- **RECORDS SHOWN**
»»

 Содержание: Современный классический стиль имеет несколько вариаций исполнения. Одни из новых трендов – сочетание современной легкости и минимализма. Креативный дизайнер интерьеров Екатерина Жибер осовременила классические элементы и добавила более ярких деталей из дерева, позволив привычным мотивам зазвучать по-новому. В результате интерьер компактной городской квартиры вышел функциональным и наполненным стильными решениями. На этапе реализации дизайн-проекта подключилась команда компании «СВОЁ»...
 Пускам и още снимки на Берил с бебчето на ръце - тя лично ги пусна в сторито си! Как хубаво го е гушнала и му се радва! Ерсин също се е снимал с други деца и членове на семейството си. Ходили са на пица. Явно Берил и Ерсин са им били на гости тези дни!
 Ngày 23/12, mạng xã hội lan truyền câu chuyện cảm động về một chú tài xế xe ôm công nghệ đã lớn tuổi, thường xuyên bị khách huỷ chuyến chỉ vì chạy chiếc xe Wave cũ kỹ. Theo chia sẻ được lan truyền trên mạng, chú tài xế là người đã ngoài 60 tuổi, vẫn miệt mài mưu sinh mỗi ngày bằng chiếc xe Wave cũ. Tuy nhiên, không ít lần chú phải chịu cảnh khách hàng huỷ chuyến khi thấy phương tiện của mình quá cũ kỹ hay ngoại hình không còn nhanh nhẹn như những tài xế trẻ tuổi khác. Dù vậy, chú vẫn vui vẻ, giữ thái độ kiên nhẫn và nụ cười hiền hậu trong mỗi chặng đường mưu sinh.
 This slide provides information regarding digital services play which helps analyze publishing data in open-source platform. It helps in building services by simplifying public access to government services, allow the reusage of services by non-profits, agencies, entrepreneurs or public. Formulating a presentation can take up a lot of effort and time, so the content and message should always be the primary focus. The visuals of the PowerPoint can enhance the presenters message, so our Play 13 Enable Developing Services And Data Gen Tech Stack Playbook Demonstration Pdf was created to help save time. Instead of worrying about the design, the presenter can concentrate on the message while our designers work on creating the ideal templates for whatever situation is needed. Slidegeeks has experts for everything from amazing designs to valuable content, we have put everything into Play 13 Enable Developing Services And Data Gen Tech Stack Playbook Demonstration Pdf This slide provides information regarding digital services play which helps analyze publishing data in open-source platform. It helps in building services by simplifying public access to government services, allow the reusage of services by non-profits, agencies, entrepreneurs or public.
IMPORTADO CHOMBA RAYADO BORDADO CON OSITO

««
»»

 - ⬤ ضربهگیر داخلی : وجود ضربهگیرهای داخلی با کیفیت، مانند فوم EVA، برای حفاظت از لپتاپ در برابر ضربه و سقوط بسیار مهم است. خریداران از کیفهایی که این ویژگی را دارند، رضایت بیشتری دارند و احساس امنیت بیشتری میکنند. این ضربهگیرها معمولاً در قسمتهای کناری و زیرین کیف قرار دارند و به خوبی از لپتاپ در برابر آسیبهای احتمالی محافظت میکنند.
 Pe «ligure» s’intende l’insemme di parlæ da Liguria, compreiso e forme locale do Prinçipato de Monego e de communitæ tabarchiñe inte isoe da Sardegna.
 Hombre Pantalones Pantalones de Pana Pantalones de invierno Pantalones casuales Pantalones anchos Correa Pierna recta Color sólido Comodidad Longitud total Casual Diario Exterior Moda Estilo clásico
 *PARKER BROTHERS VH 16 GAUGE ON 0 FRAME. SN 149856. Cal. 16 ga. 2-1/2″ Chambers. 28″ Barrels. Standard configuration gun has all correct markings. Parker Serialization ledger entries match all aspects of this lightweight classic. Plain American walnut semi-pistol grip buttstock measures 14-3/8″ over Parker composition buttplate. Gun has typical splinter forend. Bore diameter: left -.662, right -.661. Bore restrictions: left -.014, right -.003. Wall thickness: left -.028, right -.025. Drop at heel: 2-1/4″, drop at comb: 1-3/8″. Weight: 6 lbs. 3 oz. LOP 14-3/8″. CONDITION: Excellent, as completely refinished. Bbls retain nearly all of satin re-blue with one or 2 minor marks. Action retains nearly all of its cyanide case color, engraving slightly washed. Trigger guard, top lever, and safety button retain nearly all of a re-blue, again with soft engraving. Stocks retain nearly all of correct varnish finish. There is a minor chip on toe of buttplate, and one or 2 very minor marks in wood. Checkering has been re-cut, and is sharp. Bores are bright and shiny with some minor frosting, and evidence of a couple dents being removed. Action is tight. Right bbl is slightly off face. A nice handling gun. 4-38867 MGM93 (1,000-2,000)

««
»»

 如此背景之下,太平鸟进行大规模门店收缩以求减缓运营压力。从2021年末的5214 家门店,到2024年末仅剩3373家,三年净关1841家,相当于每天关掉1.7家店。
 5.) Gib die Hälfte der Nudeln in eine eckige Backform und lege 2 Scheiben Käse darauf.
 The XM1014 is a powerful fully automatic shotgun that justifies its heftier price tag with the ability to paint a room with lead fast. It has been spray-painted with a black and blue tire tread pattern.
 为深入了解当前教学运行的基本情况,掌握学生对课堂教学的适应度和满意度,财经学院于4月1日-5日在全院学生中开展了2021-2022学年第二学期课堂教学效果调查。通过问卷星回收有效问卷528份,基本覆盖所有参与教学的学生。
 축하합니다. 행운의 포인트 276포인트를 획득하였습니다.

««

- **WHAT YOU WILL DO**
From the entries above, extract only the lines running from the one containing "isoe da Sardegna." through the one containing "Hombre Pantalones Pantalones", inclusive.

- **RESPONSE TO THIS EXERCISE**
 Pe «ligure» s’intende l’insemme di parlæ da Liguria, compreiso e forme locale do Prinçipato de Monego e de communitæ tabarchiñe inte isoe da Sardegna.
 Hombre Pantalones Pantalones de Pana Pantalones de invierno Pantalones casuales Pantalones anchos Correa Pierna recta Color sólido Comodidad Longitud total Casual Diario Exterior Moda Estilo clásico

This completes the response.